I was under the impression that default grab for pcs was weak, but that power based grab was decent. Also, that grabbing has been calibrated so that characters who get grabbed by grab-based monsters will probably take damage for a round or so, then squirm free.

If my recollections are correct, then it should work just fine.
 

Also, a good way to keep grab from being an action sink on the monsters' part is just have an "and grabbed" rider on some of its attacks. I know at least a few monsters do that now...
 

I should also add- I have high hopes for Grab in the long term.

D&D has been designed on a premise that anyone who went into battle without carrying something in both hands was an idiot. That left hand is an item slot! What do you think you're doing, you fool! Put something in it! Anything!
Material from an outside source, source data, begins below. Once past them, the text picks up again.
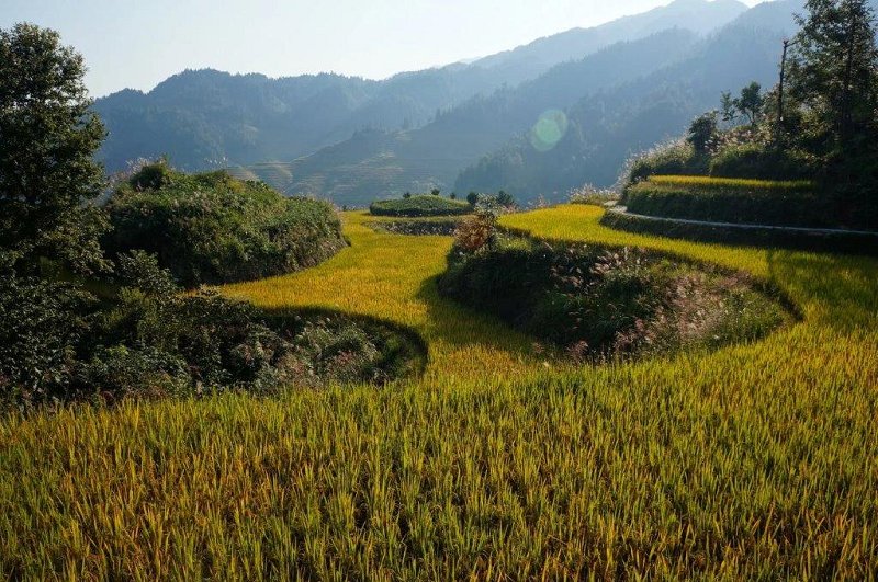 Po zajtrku se bomo odpeljali do železniške postaje in se vkrcali na hitri vlak, ki nas bo popeljal do mesta Guilin. Tako bomo v manj kot 4 urah premagali približno 850 km in med potjo uživali v pokrajini ob progi. Okrog poldneva bomo prispeli v Guilin. Popoldne se bomo odpeljali v pokrajino, ki slovi po najlepših riževih terasah na svetu, Longji, kar v prevodu pomeni zmajeva hrbtenica. Terase so pričeli graditi pred približno 700 leti, za časa dinastije Yuan, in jih uporabljajo še dandanes, enako skrbno uspešno kot tedaj. Raztezajo se od nadmorske višine 380 m pa vse do 1.180 m in prekrivajo cele hribe. Pogled nanje je zares veličasten! Ta del Jugozahodne Kitajske poseljujejo različne etnične manjšine in eno med njimi bomo obiskali v njihovi vasi Gu Zhuang, v kateri složno živijo Zhuangi in pa etnija Yao. Etnija Zhuang predstavlja najštevilčnejšo etnično manjšino na Kitajskem in znani so kot izjemno dobri pevci. Nastanitev v hotelu, večerja in nočitev (Z,V).
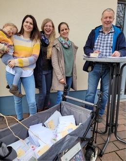 Gemeinsam mit Vertreterinnen des Vereins Wald und Wiese e. V. wurden anlässlich des Kindergartenbasars vorbereitete Saatgutpäckchen an interessierte Bürgerinnen und Bürger ausgegeben.
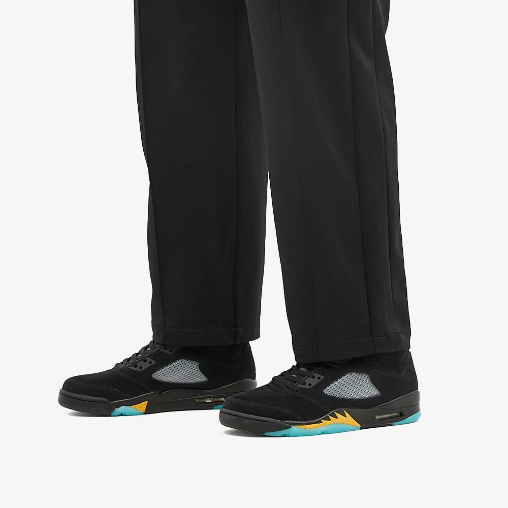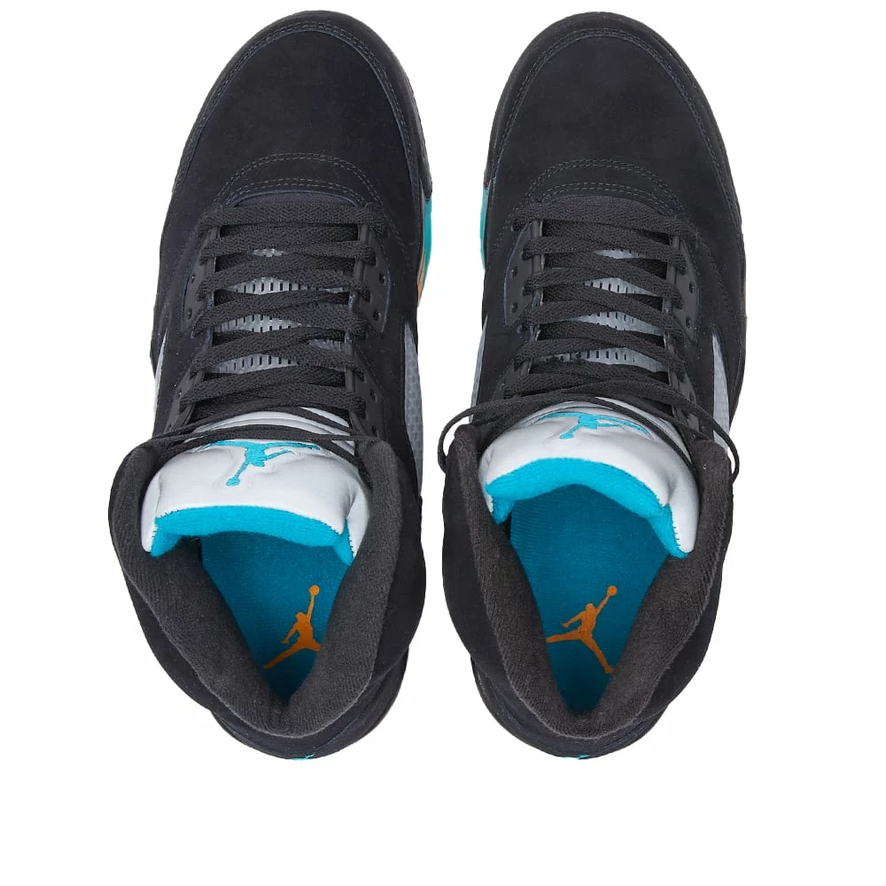 Air Jordan continues with the tradition of using bold and new colourways to up-level classic styles. The Aqua 5 Retro sneaker is an unofficial homage to Chris Paul’s exclusives with the leather uppers and solid black backdrops. Made to a chunky hi-top style with suede overlays, the sneakers are made with a thick ankle collar to support your foot during movement. The shoe’s Aqua colourway is featured on the trim of the tongue and the electric blue rubber outsole which snakes up the side of the sneaker to look like water in motion. The brand’s iconic Jumpman logo features both on the tongue and on the back of the sneaker in the new Aqua blue.
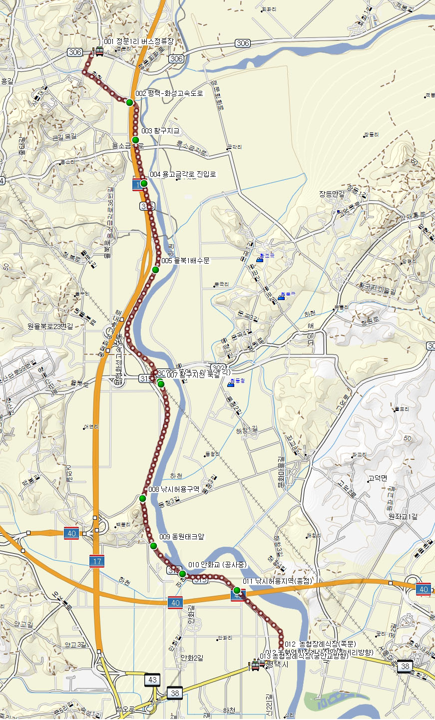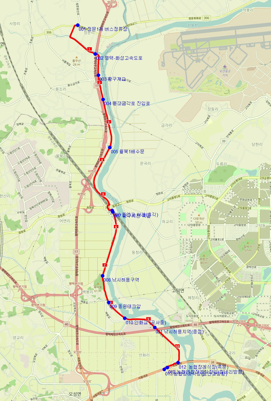 정문1리버스정류장-평택-화성고속도로 아래-황구지교-율북배수로-동원태크-안화교-농협장례식당 쪽문-농협장례식장 버스정류장
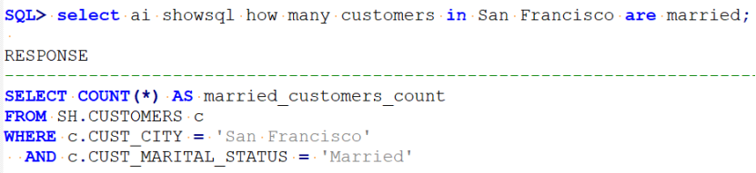 统计旧金山的客户有多少已婚的,并解释统计的逻辑: SQL> select ai explainsql how many customers in San Francisco are married;
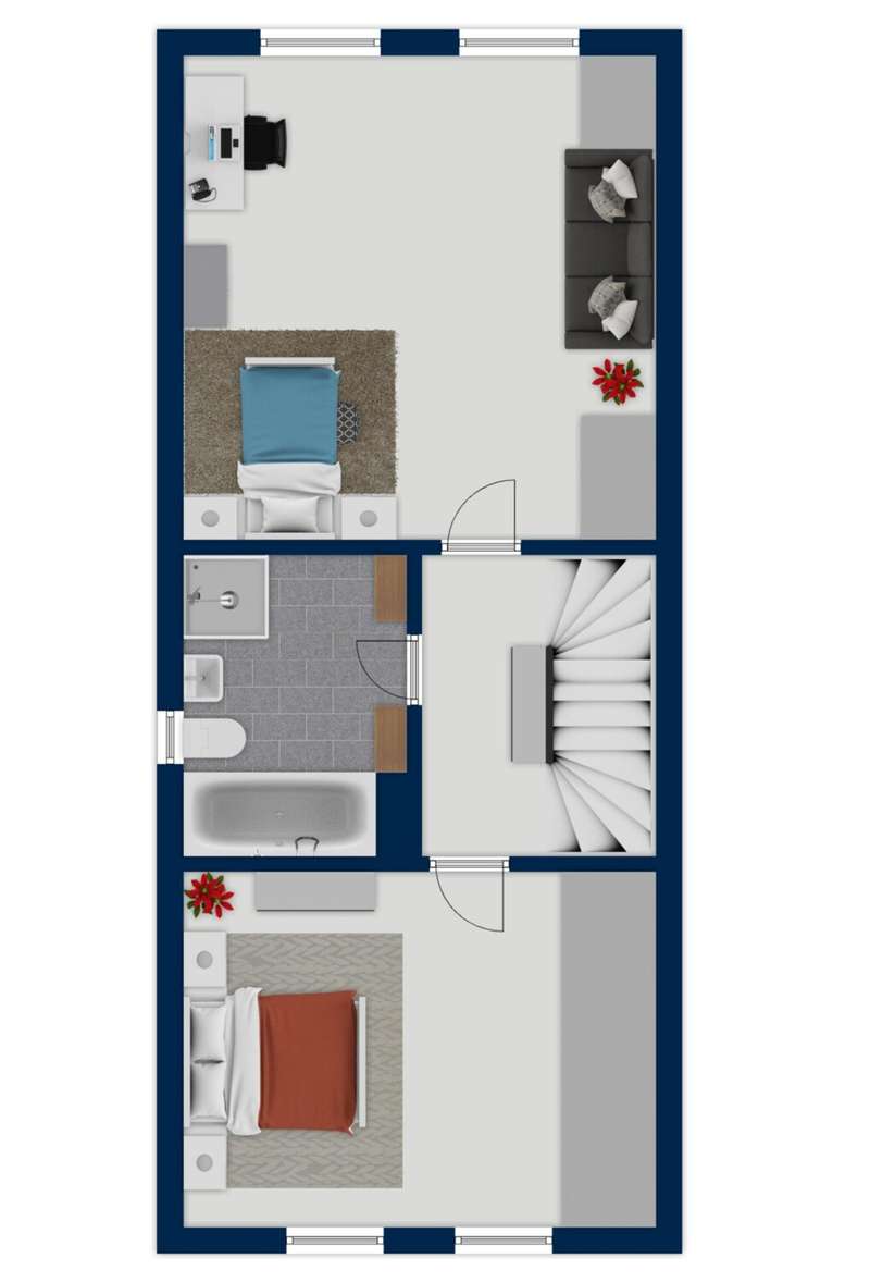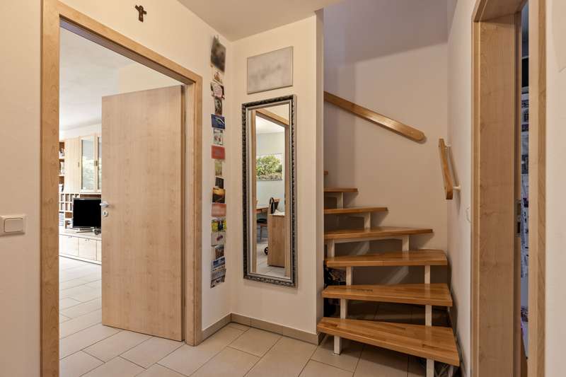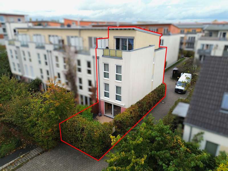VON POLL IMMOBILIEN presents this well-kept detached house in the popular Cologne district of Nippes - in the middle of the car-free Stellwerk 60 estate. The terraced corner house was built in 2006 on a plot of approx. 114 m² and has a living space of approx. 186 m² on four floors. Clear floor plans, large windows and the quiet neighborhood location give the house a friendly, bright and pleasant living atmosphere. On the first floor is the entrance area with hallway, from which the separate kitchen, the guest WC and the open-plan living and dining area are accessible. Here, the expansive window front provides plenty of light and creates a flowing transition to the terrace and the low-maintenance garden in a sunny south-facing position - perfect for cozy hours outdoors. A steel stringer staircase with solid beech steps connects all floors and underlines the harmonious overall appearance of the house. The second floor boasts two generously proportioned, bright bedrooms and a bathroom with bath and shower. On the second floor, there are two further versatile rooms that are ideal as children's rooms, study rooms or guest rooms. This floor is complemented by a comfortable shower room and a storage room - functional and family-friendly at the same time. The top floor is the highlight of the house: a spacious studio as a retreat for living or working. From here, there is access to the south-facing roof terrace with sweeping views over the rooftops of the development. In addition to a utility room, there are two further storage rooms in the basement, which offer a variety of uses for supplies, hobbies or additional storage space. The terraced corner house is heated by energy-efficient local heating and is in a very well-kept and contemporary condition overall. A lockable bicycle garage and a parking space in the nearby parking garage are also just a few minutes' walk away and round off the attractive overall offer. Quartier Stellwerk 60 is one of the most popular residential areas in Cologne-Nippes - quiet, green and car-free. Communal open spaces, play areas and short distances to kindergartens, schools and shopping facilities make the location particularly attractive for families who value a child-friendly environment with a mature residential character in Cologne. There are very good public transport connections (S-Bahn, U-Bahn, bus), which means that Cologne city center or the main train station, for example, can be reached in a short time. Have we piqued your interest? If so, we will be happy to provide you with further information and arrange a viewing appointment with you.
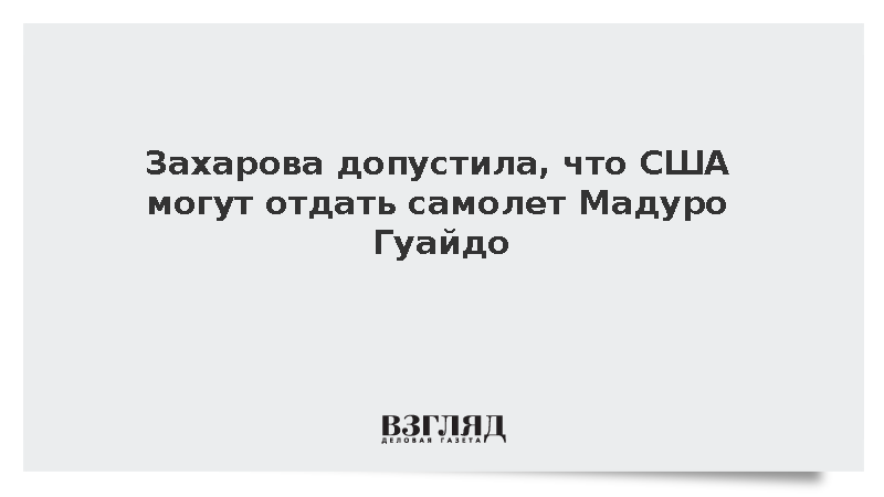 США могут отдать конфискованный самолет президента Венесуэлы Николаса Мадуро Хуану Гуайдо, чтобы выдавать бывшего лидера оппозиции за венесуэльского президента, заявила официальный представитель МИД России Мария Захарова.
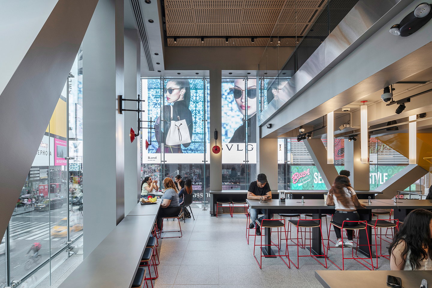 Не так давно в центрі Нью-Йорка, на розі 45-ої вулиці та Бродвею, відкрився новий концептуальний McDonald’s, розташований на місці оригінального ресторану, який працював ще з 1985 року. Дизайн і концепцію закладу розробила студія і архітектурне бюро Landini Association. І використані ідея помітно виділяють новий McDonald’s від інших об’єктів мережі.

Grab provides something for an empty hand to accomplish. All we need are some more grab related powers, and the rapier + empty hand swashbuckling type becomes much more viable. Also, see Monks.
 

caveat: not having read the rules yet

It seems that the obvious step that you might want to take once you had grabbed someone and immobilised them is to restrain them. Do the grabbing rules cover anything after the basic grab in terms of attempting to restrain (or whatever the term is for what comes after immobilise in the hierarchy)?
 

Plane Sailing said:
caveat: not having read the rules yet

It seems that the obvious step that you might want to take once you had grabbed someone and immobilised them is to restrain them. Do the grabbing rules cover anything after the basic grab in terms of attempting to restrain (or whatever the term is for what comes after immobilise in the hierarchy)?

Only if you're a rogue with the Stab and Grab encounter power, unfortunately. Having read this power first, myself, I thought as you did: that there was a grab advancement of sorts, but there's nothing in the actual grab rules that says you can restrain an immobilized target (Unless I seriously can't read or it's in some illogical place I haven't looked at yet).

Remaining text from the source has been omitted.